Susan Elizabeth Hale
// Author & Music TherapistSUSAN ELIZABETH HALE is an author, internationally renowned music therapist, and sound healer from Asheville, North Carolina. Her book “Song And Silence: Voicing The Soul” (1995) was available from La Alameda Press, and “Sacred Space, Sacred Sound: The Acoustic Mysteries Of Holy Places” (2007) is available from Quest Books, and was recently translated into Italian through Edizioni Mediterranee. Susan Elizabeth Hale is the Director of the Songkeeper Apprenticeship, a Fellow of the Association for Music and Imagery, and a seminar leader, teacher, and guide, helping people to explore their sacred paths to find and free their natural voices. Susan is also a pioneer in the fields of music therapy and sound healing, a creative mystic, and soul singer who loves to travel, teach, write, and inspire others to live their creative potential. Recently she created Earth Day: Sing for the Trees, a global celebration that involved participation from people in thirty-nine countries.

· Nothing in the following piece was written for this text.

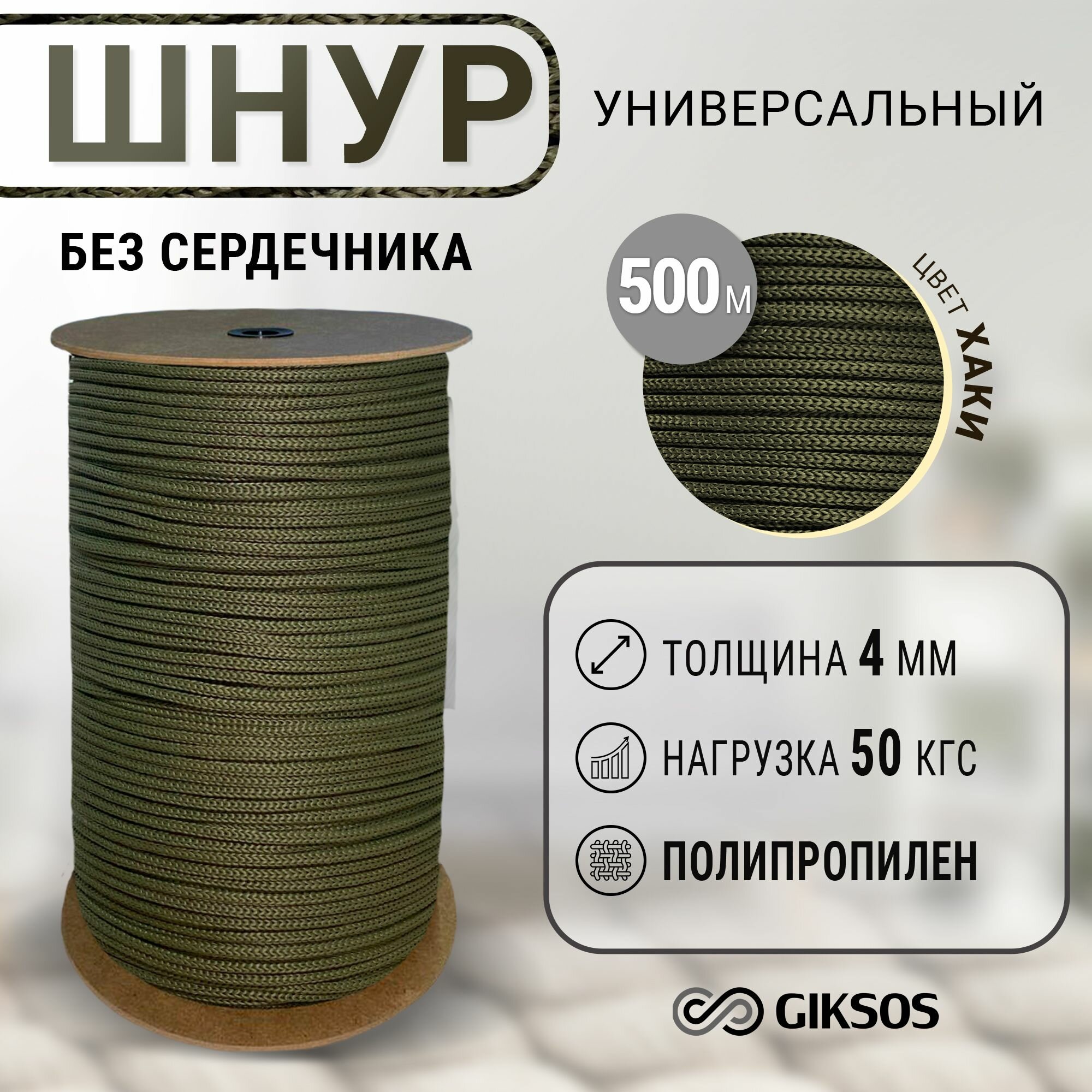 Купить Шнур 4мм, 500 м, бельевая, хозяйственная, универсальная, полипропиленовая, цвет хаки с доставкой по всей России. Шнур 4мм, 500 м, бельевая, хозяйственная, универсальная, полипропиленовая, цвет хаки: сравнение цен, характеристики, фото, актуальное наличие и цены.

Website: www.songkeeper.net
Photo: Susan Elizabeth Hale / SongKeeper.net
Interview:
Music has been with us since the earliest of time. Bird bone flutes are some of the oldest instruments, but older still is the human voice which shaped the air in painted caves summoning, conjuring, and invoking spirits on the breath stream, the animating principle of all life.
Music is our common language for matters of the spirit. Music travels through the air and is an unseen force that we feel moving inside of us, awakening emotions, images, dreams, and memories. Music making and music listening can awaken numinous experiences that can lead to a direct transmission from the Divine. For example, for one client, listening to Vaughan Williams’ “Fantasia On A Theme” by Thomas Talis led him into an ecstatic state where he experienced the pyramids being built out of light. He described a state of oneness that led to a profound change in his outer life. This modern day example leads us back into the awe our ancestors must have felt when they sang in painted caves. Therefore, I believe music is a form of magic.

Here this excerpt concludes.